[Collected data]
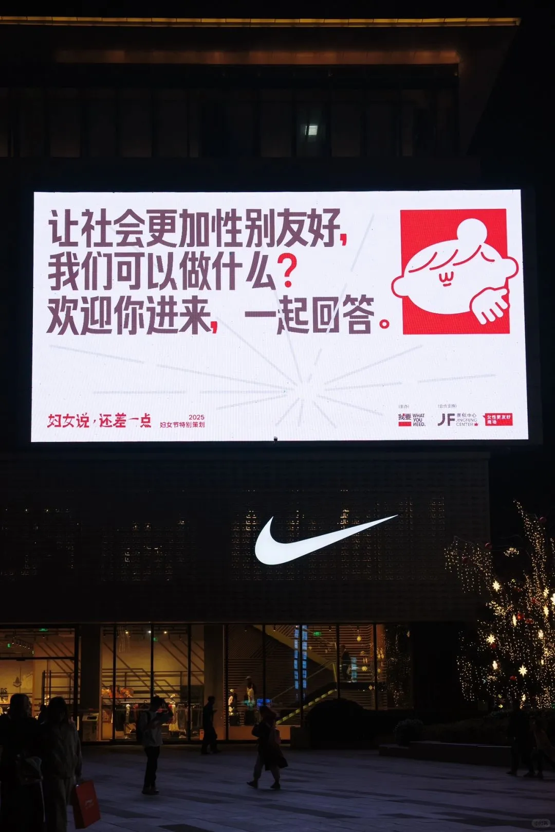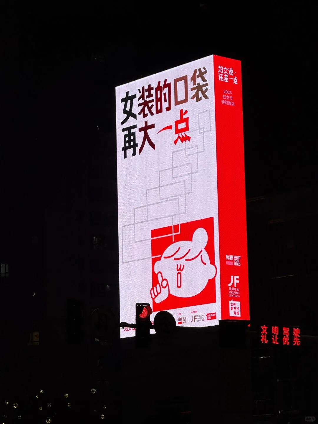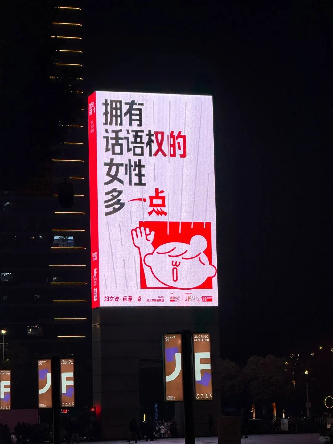 这个三八妇女节,景枫中心联合青年媒体@我要WhatYouNeed,共同发起特别策划活动,借户外大屏展示了一套妇女节文案海报《妇女说,还差一点》。
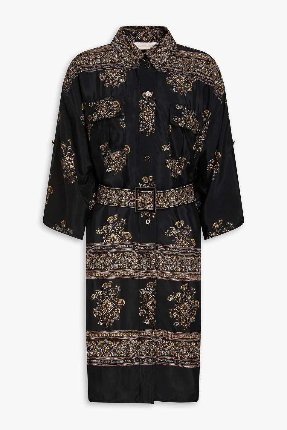 Shirt dress printed satin detachable belt belt loops breast pockets button fastenings through front mid-weight, non-stretchy fabric dry clean imported It's so easy to pin this Zimmermann dress as one of the label's own, thanks in part to the monogrammed trims. It's made from satin with a chic detachable belt and breast pockets. Wear it with mules to go from desk to dinner without hesitation. 70% Viscose 30% Silk Product Code 46376663162927991
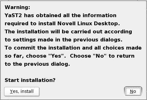 Having finished the package selection (and any optional boot loader configuration), you are returned to the Installation Settings screen. As soon as you have verified all other settings, click to launch the installation process. A prompt appears asking you to confirm this action.
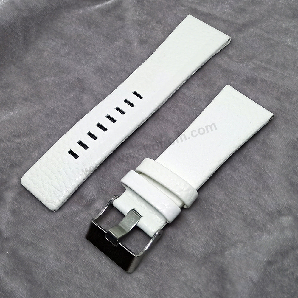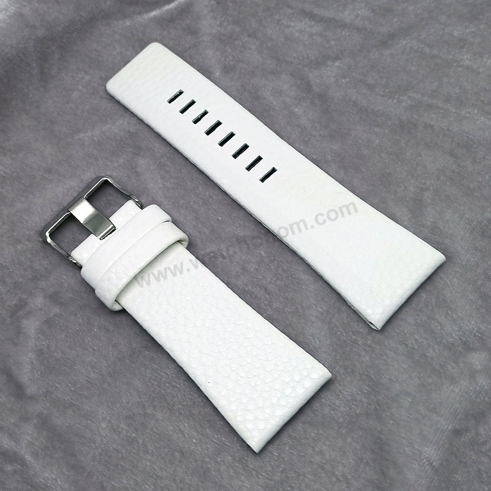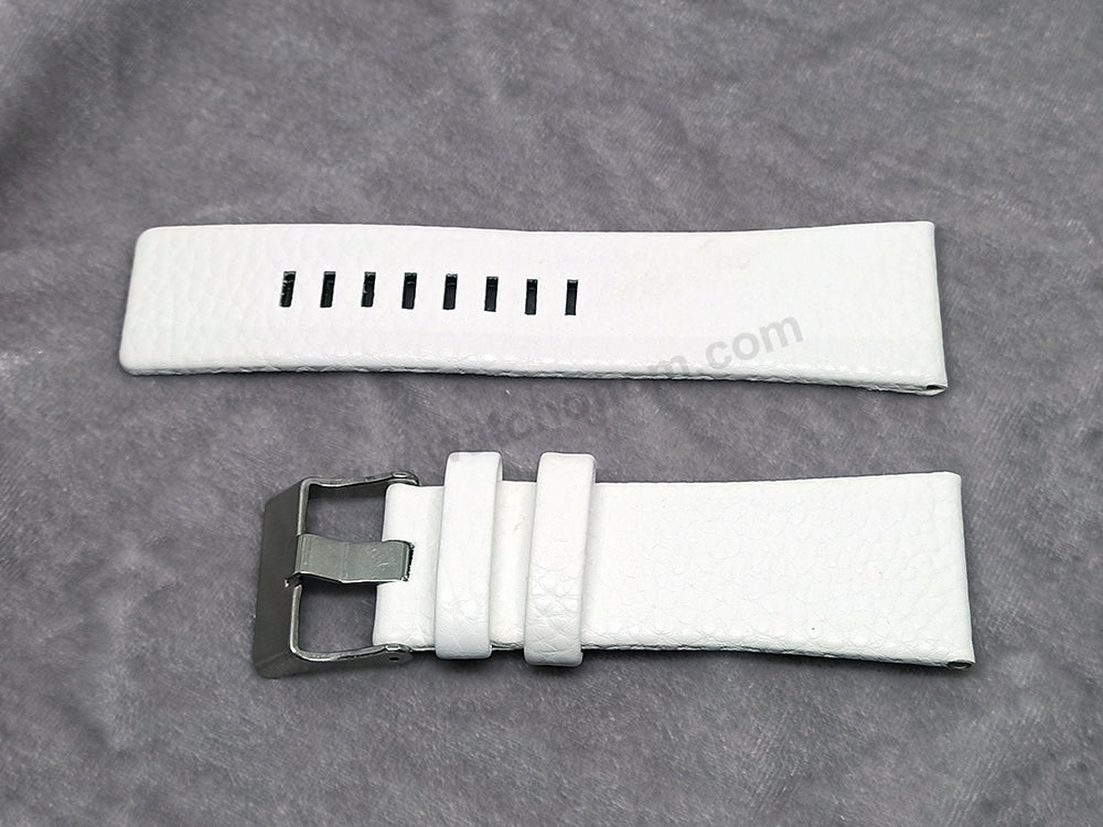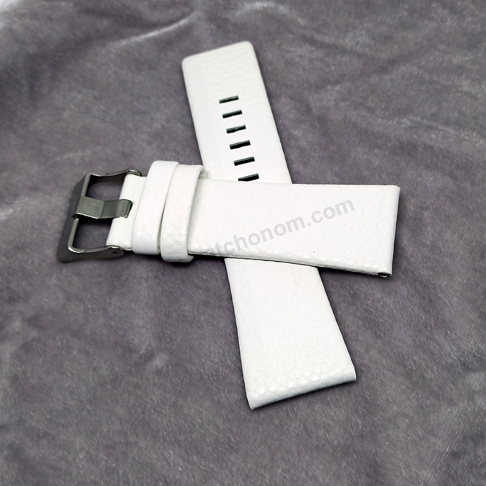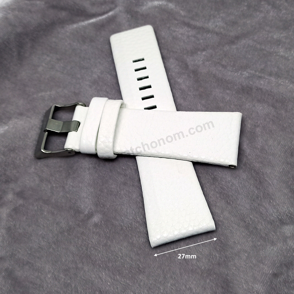 Fits/For Diesel DZ1451 Time 3 hands - 27mm White Genuine Leather Watch Band Strap Belt
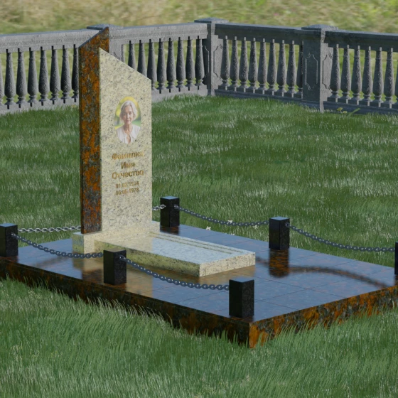 Особое внимание уделено благоустройству прилегающей территории. Мемориал установлен на прочное основание, а всё пространство участка закрыто сплошной надгробной плитой из натурального камня. Такое решение не только придает комплексу монолитный и законченный вид, но и значительно упрощает уход за местом захоронения, исключая прорастание сорной травы. Периметр участка обозначен изысканным ограждением: массивные гранитные столбики соединены декоративными цепями, что создает атмосферу защищенности и уединения, отделяя мемориальное пространство от внешнего мира.
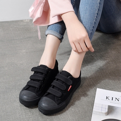 Giày vải nữ Velcro tất cả giày đen công sở xuân 2018 phiên bản mới của Hàn Quốc của giày đế bằng màu trắng hoang dã dành cho sinh viên giầy bốt nữ Plimsolls
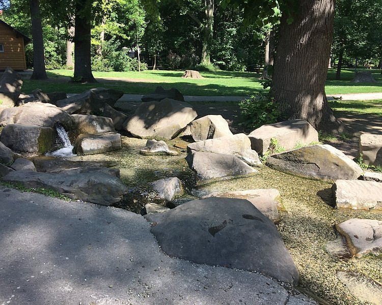 Für die Jüngeren gibt es eine kleine Rutsche, Schaukeln und Wipptiere. Auch eine Sandgrube gibt es natürlich und ein kleines Spielhaus. Neben dem Bereich für die Kleinen befindet sich ein kleiner Wasserbereich. Hier fließt das Wasser aus einem Brunnen über ein paar Steine in eine seichte Wasserfläche. Die Steine laden Gleichgewichtsjunkies zum Balancieren ein und die sehr seichte Wasserfläche kann für ein bisschen Planschen und Abkühlung genutzt werden.

Requirement. Please give back every line above exactly as it stands, without pictures.

Expected answer.
 这个三八妇女节,景枫中心联合青年媒体@我要WhatYouNeed,共同发起特别策划活动,借户外大屏展示了一套妇女节文案海报《妇女说,还差一点》。
 Shirt dress printed satin detachable belt belt loops breast pockets button fastenings through front mid-weight, non-stretchy fabric dry clean imported It's so easy to pin this Zimmermann dress as one of the label's own, thanks in part to the monogrammed trims. It's made from satin with a chic detachable belt and breast pockets. Wear it with mules to go from desk to dinner without hesitation. 70% Viscose 30% Silk Product Code 46376663162927991
 Having finished the package selection (and any optional boot loader configuration), you are returned to the Installation Settings screen. As soon as you have verified all other settings, click to launch the installation process. A prompt appears asking you to confirm this action.
 Fits/For Diesel DZ1451 Time 3 hands - 27mm White Genuine Leather Watch Band Strap Belt
 Особое внимание уделено благоустройству прилегающей территории. Мемориал установлен на прочное основание, а всё пространство участка закрыто сплошной надгробной плитой из натурального камня. Такое решение не только придает комплексу монолитный и законченный вид, но и значительно упрощает уход за местом захоронения, исключая прорастание сорной травы. Периметр участка обозначен изысканным ограждением: массивные гранитные столбики соединены декоративными цепями, что создает атмосферу защищенности и уединения, отделяя мемориальное пространство от внешнего мира.
 Giày vải nữ Velcro tất cả giày đen công sở xuân 2018 phiên bản mới của Hàn Quốc của giày đế bằng màu trắng hoang dã dành cho sinh viên giầy bốt nữ Plimsolls
 Für die Jüngeren gibt es eine kleine Rutsche, Schaukeln und Wipptiere. Auch eine Sandgrube gibt es natürlich und ein kleines Spielhaus. Neben dem Bereich für die Kleinen befindet sich ein kleiner Wasserbereich. Hier fließt das Wasser aus einem Brunnen über ein paar Steine in eine seichte Wasserfläche. Die Steine laden Gleichgewichtsjunkies zum Balancieren ein und die sehr seichte Wasserfläche kann für ein bisschen Planschen und Abkühlung genutzt werden.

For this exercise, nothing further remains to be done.